But no white-collar profession is off limits; my parents include those who work in finance, or hold prestigious positions in the civil service. 

I find middle-class parents are also the ones most likely to be chronically late in dropping off their children, which stresses their offspring. These parents dash from one day to the next, lurching from one life ‘crisis’ to another.

Face-to-face chats with such parents are rare, too, because they have ‘no time’. 

When I do manage to pin down such a parent, my message is clear. I remind them of the life skills their children need to have — to use a knife and fork; to put on and remove their shoes; to zip up their coat; and, of course, to be toilet-trained.

I try to impress upon them that the average child needs their mum and dad firmly and consistently helping them navigate the world outside their home.

I’ll doggedly remind them that toilet-training requires their full attention, offering tips such as praising their children at home for going to the lavatory, or encouraging them to use a sticker reward system.

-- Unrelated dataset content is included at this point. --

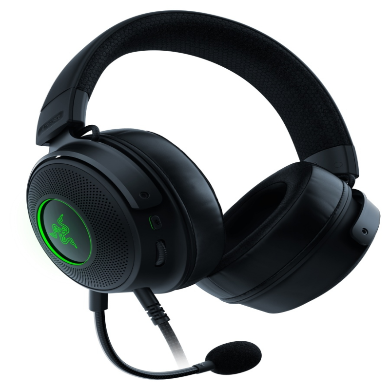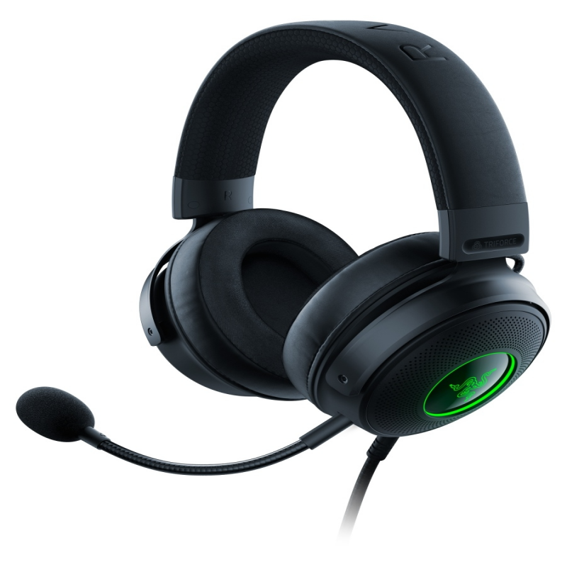 Coloriez votre immersion avec le Razer Kraken V3 - un casque de jeu pour ordinateur avec éclairage Razer Chroma RGB pour créer des effets lumineux dynamiques dans les jeux et sur les appareils. Ce casque, qui vous séduira par son apparence et son son, est équipé de transducteurs améliorés et de la technologie de son surround pour un son réaliste. Le son surround amélioré 7.1 vous plonge au cœur de l'action du jeu. Le transducteur à 3 composants offre un son plus dynamique, tandis que le microphone amovible supprime tous les bruits environnants, ne laissant que votre voix. Personnalisez l'éclairage comme vous le souhaitez dans plus de 150 jeux avec le support de 500 appareils de plus de 50 fabricants. / Connexion : USB Type-A / Son surround 7.1 THX Spatial Audio / Haut-parleurs Razer TriForce de 50 mm / Microphone cardioïde Razer HyperClear / Contrôle du volume / Interrupteur de microphone Développer la description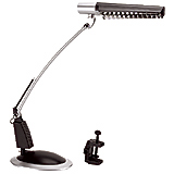 Desk lamp. 25 1/2-in. high. Can be used as a desk, clamp or wall lamp. Fluorescent lighting. Made of plastic. Black. G23 lightbulb included.

Many of them look at me as though I’ve told them to teach their child Mandarin (although that would probably get a more positive response), and shoot me down with ‘I’m too busy!’

I’ve heard it all before. But how can you be too busy to teach your child such a basic skill — one that, if ignored, will hinder their physical and emotional development?

And why on earth do you think such an important responsibility lies more with me, someone who may only be in your child’s life a few short months, rather than with you, their parent?

Teachers wonder how parents can be too busy to potty train their child, something that, if ignored, will hinder their physical and emotional development

Sometimes, I quietly discuss this with close friends. One girlfriend — a mum of four — said she’d consider herself a failure if one of her children went to school with nappies. Hear, hear! If only more mothers felt like this.

To those who still believe it’s my ‘job’ to deal with your child’s toilet issues, I say this: I teach a class of 30. If every child in my class turned up without proper potty training, I’d probably spend all day changing them.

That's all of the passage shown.